The Deputy Prime Minister of Serbia, Aleksandar Vulin, said that when he was Minister of the Interior and Director of the Security and Information Agency (BIA), he made lists of those who are not welcome in Serbia.
“I made the lists as the Minister of Police and director of the BIA, based on the law and conscience. I regret that I have not devoted myself more to them, because I am seeing how many vile people have been forgotten. [President of Serbia] Aleksandar Vučić was not asked and should not have been asked about this,” Vulin said through a statement published on the website of his party, the Socialist Movement, Radio Free Europe’s Balkan Service reports.

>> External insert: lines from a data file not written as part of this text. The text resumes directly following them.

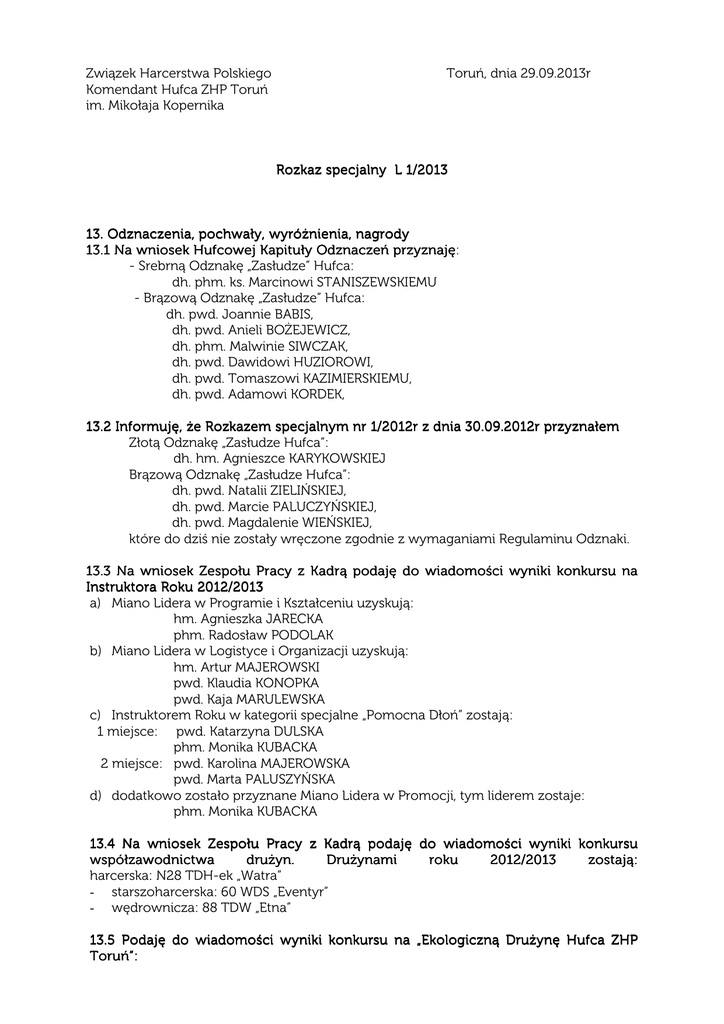 17.Rozkaz LS1 z 29.09.13r - ZHP Hufiec Toruń im. Mikołaja Kopernika
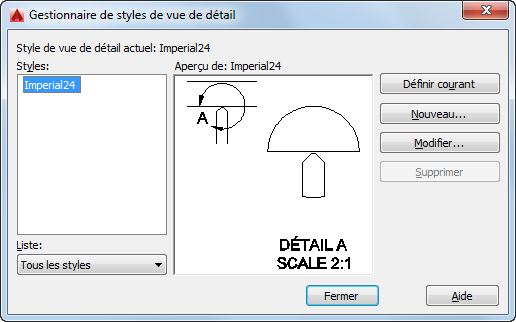 Affiche la liste des styles de vue de détail disponibles dans le fichier de dessin courant. Le style courant est mis en surbrillance.
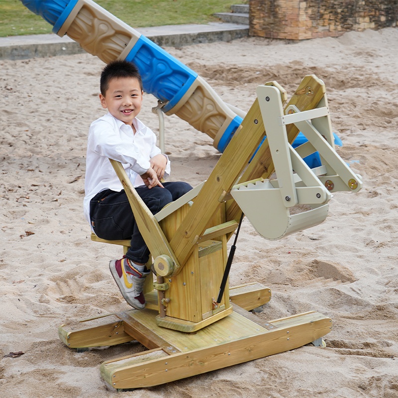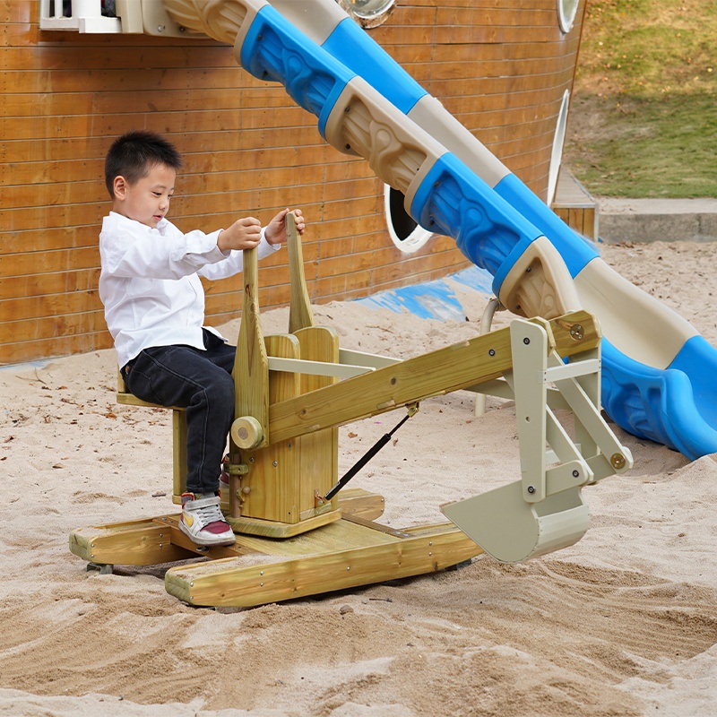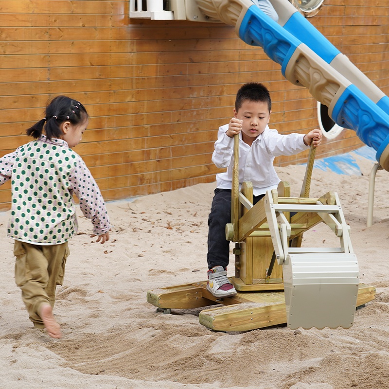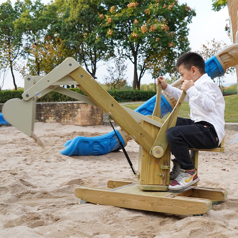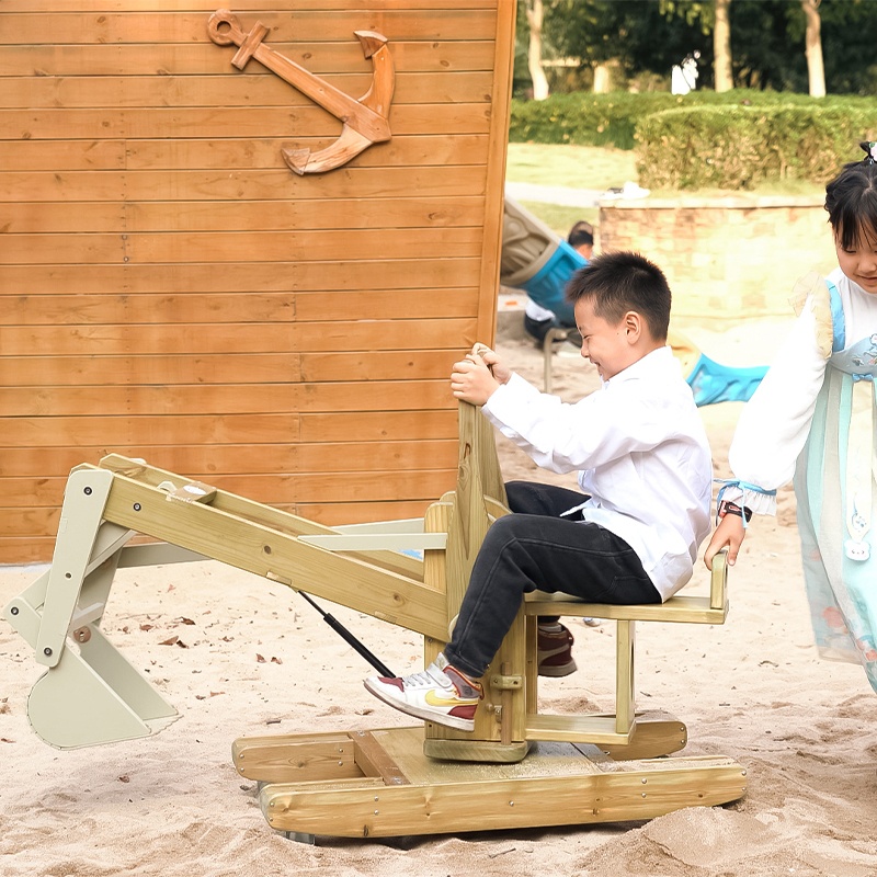 Made from anticorrosive Finnish pine varnish and durable PP materials. Features weather-resistant finish suitable for outdoor use with functional moving parts for realistic excavation play.

His comments come in the wake of the controversy in the opinion of Serbia, after the Croatian singer, Severina Vuckovic, was detained for several hours at the border with Serbia, because she was on the “control list”.
Vulin said that there are people on the list who have sung or spoken about Serbia in a bad context.
“In the lists that I submitted to the competent bodies, there were foreign citizens who came to Serbia to participate in violent protests, but also drug lords – from Sarajevo to Pristina and Skopje,” said Vulin.
He added that the list for “mandatory ban and increased control” also included MPs from the Assembly of Montenegro, who voted for Serbia as genocidal.
Singer Severina Vuckovic was released after a few hours at the border, on August 25, but then did not enter Serbia.
“They asked me what I think about Srebrenica, about [operation] Storm, why I supported the demonstrations against the extraction of lithium…”, among other things Vuckovic said after the incident.